Israel, meanwhile, has been pressing Beijing to halt the shipments, but China continues to trade the material, insisting it is not covered by international restrictions. Before the war, Iran held an estimated 2,700 missiles; Israeli officials now believe it has rebuilt at least half of that arsenal and is working to expand it ahead of a potential new confrontation.

Nuclear material ‘largely survived’ the war

Rafael Grossi, head of the International Atomic Energy Agency (IAEA), told the Financial Times that most of Iran’s enriched uranium survived the war. He said the country currently holds about 400 kilograms enriched to 60% purity — dangerously close to weapons-grade level.

At the same time, Iran is more isolated from the West than ever. Arab powers such as Saudi Arabia, Egypt, and the United Arab Emirates have strengthened their influence in Washington and with Trump, partly through economic ties and cooperation over his Gaza initiative.

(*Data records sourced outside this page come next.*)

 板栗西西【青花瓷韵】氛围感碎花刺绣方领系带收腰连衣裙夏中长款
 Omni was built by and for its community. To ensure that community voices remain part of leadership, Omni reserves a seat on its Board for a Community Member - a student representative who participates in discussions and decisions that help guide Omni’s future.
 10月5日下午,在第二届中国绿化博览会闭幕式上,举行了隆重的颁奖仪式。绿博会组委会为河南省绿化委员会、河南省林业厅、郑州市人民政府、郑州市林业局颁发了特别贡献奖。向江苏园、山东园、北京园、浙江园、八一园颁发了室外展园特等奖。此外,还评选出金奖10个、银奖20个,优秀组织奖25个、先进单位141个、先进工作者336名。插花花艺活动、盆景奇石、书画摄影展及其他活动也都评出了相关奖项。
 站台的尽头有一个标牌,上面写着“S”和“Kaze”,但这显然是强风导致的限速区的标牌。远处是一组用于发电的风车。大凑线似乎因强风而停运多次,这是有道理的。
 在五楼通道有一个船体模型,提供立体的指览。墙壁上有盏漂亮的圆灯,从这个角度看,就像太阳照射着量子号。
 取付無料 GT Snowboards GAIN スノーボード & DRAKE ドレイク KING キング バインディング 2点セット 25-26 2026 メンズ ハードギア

Syria, once a key Iranian ally under the now-collapsed Assad regime, is shifting toward the United States; its new president is expected to visit the White House on Monday to request American aid.

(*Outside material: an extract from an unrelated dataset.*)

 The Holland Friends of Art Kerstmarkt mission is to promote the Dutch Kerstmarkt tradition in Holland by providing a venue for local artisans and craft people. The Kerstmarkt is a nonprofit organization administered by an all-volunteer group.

Inside Iran, according to the Times, a debate is raging within the regime: some officials advocate compromise with Trump to avoid economic collapse, while others argue it is futile to negotiate with a leader who withdrew from the previous nuclear deal and bombed Iran amid talks.

Vaez said both factions agree on one thing: a new round of fighting with Israel is inevitable.

“So the country is doubling down on preparedness for the next round,” he said, “and they want it to produce a new equilibrium that will wipe out the sense of Iranian weakness.”